One time Smokey did something that got that him the simulated mauling treatment while outside with wet sticky snow on the ground. Nick flipped him back and forth over the snow long enough that the snow embedded deep into his long fur. It then packed and stuck around him until he was nothing but a snowball with a face, tail, and four paws sticking straight out to the sides. Nick left him on the ground unable to move. His legs could not be moved enough to get his feet on the ground for coordinated movement.

The family was concerned but wasn’t sure what to do. He was packed in the snow so tight with his legs spread so far apart that they weren’t sure his leg joints were even still in their sockets. They brought him indoors and rather than risk addition stress on his joints just let him melt on the floor. Smokey recovered just fine but still didn’t consider there was a long term lesson to be learned.

Nick never initiated anything but never passed up an opportunity to inflict a desired punishment upon the cat. When someone yelled at the cat about some wrongdoing, like scratching the furniture, Nick would come running and nail the cat to give it the time honored visit to the tonsils and a vigorous shaking. He could be at the opposite end of the house, apparently asleep, and the words “Smokey! No!” would get him from full slumber to full cat head gagging in under five seconds.

All this is the back story for the real story I wanted to tell.

Nick was a really smart dog. He figured out that sometimes when Doug left the house with his rifle he would return with a dead deer and that after a short while Nick got tasty deer bones to chew on. Since hunting deer with a dog is not allowed Doug had to resort to things like putting the rifle out of a window at the opposite end of the house from Nick, leave the house with Nick inside, then retrieve the gun and go off into the woods in search of deer. If Nick were to see Doug leave the house with the rifle he would make life inside the house miserable for the inhabitants until Doug returned or he were released.

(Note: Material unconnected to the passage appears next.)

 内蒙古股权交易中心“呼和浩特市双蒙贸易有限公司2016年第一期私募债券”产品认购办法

One time Doug was not sufficiently sneaky with getting the rifle out the door and Nick was on the lookout for an opportunity to join the hunt. Doug was just heading over the hill behind the shop into the woods when Doug’s daughter Amy gave him that opportunity. She absentmindedly opened the door on some minor excursion and Nick bolted through the narrow crack between her legs and the door. He launched out of the house like a fighter jet off the steam catapult on an aircraft carrier. He had acquired a lock on Doug, was on full afterburners, and time to intercept was measured in a handful of seconds. Amy realized she had messed up and yelled for Nick to return. After a couple of attempts with absolutely no response other than what appeared to be an attempt to break the sound barrier she finally yelled, “Smokey! No!”.

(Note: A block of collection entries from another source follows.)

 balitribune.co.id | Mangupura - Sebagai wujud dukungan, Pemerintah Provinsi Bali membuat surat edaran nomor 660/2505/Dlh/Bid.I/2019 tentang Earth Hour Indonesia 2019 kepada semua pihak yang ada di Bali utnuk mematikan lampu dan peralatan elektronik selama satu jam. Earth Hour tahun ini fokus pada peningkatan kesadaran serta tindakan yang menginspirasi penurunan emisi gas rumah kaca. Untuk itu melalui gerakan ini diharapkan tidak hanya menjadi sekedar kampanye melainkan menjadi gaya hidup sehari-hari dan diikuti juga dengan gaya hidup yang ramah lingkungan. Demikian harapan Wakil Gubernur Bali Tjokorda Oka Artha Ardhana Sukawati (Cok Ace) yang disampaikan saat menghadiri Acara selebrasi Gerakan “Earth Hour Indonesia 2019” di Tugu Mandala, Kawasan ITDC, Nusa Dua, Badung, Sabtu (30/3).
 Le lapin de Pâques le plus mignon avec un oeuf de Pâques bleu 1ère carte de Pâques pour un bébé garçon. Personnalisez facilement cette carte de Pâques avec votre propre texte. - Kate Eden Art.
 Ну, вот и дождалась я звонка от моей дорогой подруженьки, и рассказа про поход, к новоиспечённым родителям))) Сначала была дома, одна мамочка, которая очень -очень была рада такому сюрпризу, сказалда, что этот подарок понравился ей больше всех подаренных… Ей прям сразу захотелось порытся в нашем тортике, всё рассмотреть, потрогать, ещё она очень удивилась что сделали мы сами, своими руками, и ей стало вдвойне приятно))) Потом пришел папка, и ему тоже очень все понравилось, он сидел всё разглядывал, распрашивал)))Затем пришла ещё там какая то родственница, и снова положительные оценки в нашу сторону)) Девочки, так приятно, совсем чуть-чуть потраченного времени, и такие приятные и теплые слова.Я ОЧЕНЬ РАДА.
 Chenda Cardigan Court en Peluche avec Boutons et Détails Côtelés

Disregarding the inadvisability of an instantaneous transition from full afterburners to full thrust reversers Nick did just that. There was a cloud of gravel and dust in the driveway and parking area between the house and the shop as Nick went from just subsonic in one direction to nearly supersonic in the other. Amy held the door open wide and stepped aside as Nick blew past her into the house in his quest to find Smokey and make sure he got what was surely due to him.

Doug had a smart dog but he has a smarter daughter.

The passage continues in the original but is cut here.